A need for revision may arise if new studies provide new evidence on a disease and its treatment. It is therefore legally specified that a DMP must be revised at regular intervals. It is the Institute's responsibility to firstly identify differences between the guideline recommendations and the DMP. It is then the G-BA'sresponsibility to examine whether these differences should actually lead to a revision of the DMP.

26 relevant guidelines identified

IQWiG was able to include a total of 26 guidelines in its investigation. Six of these guidelines comprehensively address the care of patients with breast cancer. Seven guidelines exclusively deal with early breast cancer, four further guidelines with advanced breast cancer (stage IV).
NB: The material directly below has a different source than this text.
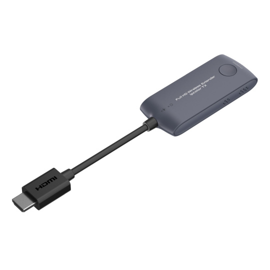 - Vysielač predstavuje malý dongle, ktorý sa zasúva priamo do konektora HDMI počítača, notebooku. Vysielač je napájaný pomocou USB kábla z USB portu.
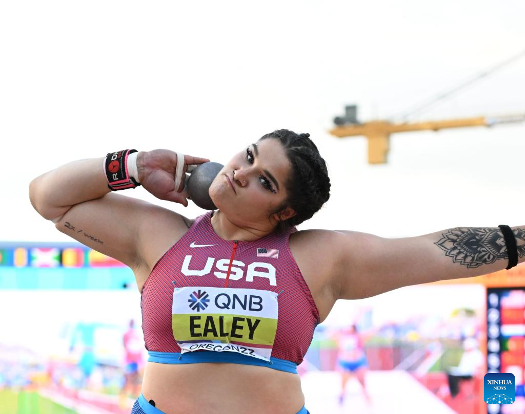 Chase Ealey of the United States competes during the women's shot put final at the World Athletics Championships Oregon22 in Eugene, Oregon, the United States, July 16, 2022. (Xinhua/Wu Xiaoling)

The remaining nine guidelines address specific aspects such as radiotherapy, breast reconstruction or adjuvant systematic treatment.

Supplementations desirable

As IQWiG determined, there are several health-care aspects for which the recommendations of the DMP should be revised. Among other aspects, this applies to diagnostics and measures in primary therapy: The guidelines address the performance of a magnetic resonance imaging (MRI) scan in specific therapeutic indications, explicitly advising against routine MRI scans. With regard to radiotherapy for breast cancer, the guidelines provide recommendations on hypofractionated radiotherapy an aspect currently not considered by the DMP.

Process of report production

IQWiG published the preliminary results in the form of the preliminary report in November 2013 and interested parties were invited to submit comments. At the end of the commenting procedure, the preliminary report was revised and sent as a final report to the commissioning agency in May 2014. The written comments submitted are published in a separate document at the same time as the final report. The report was produced in collaboration with external experts.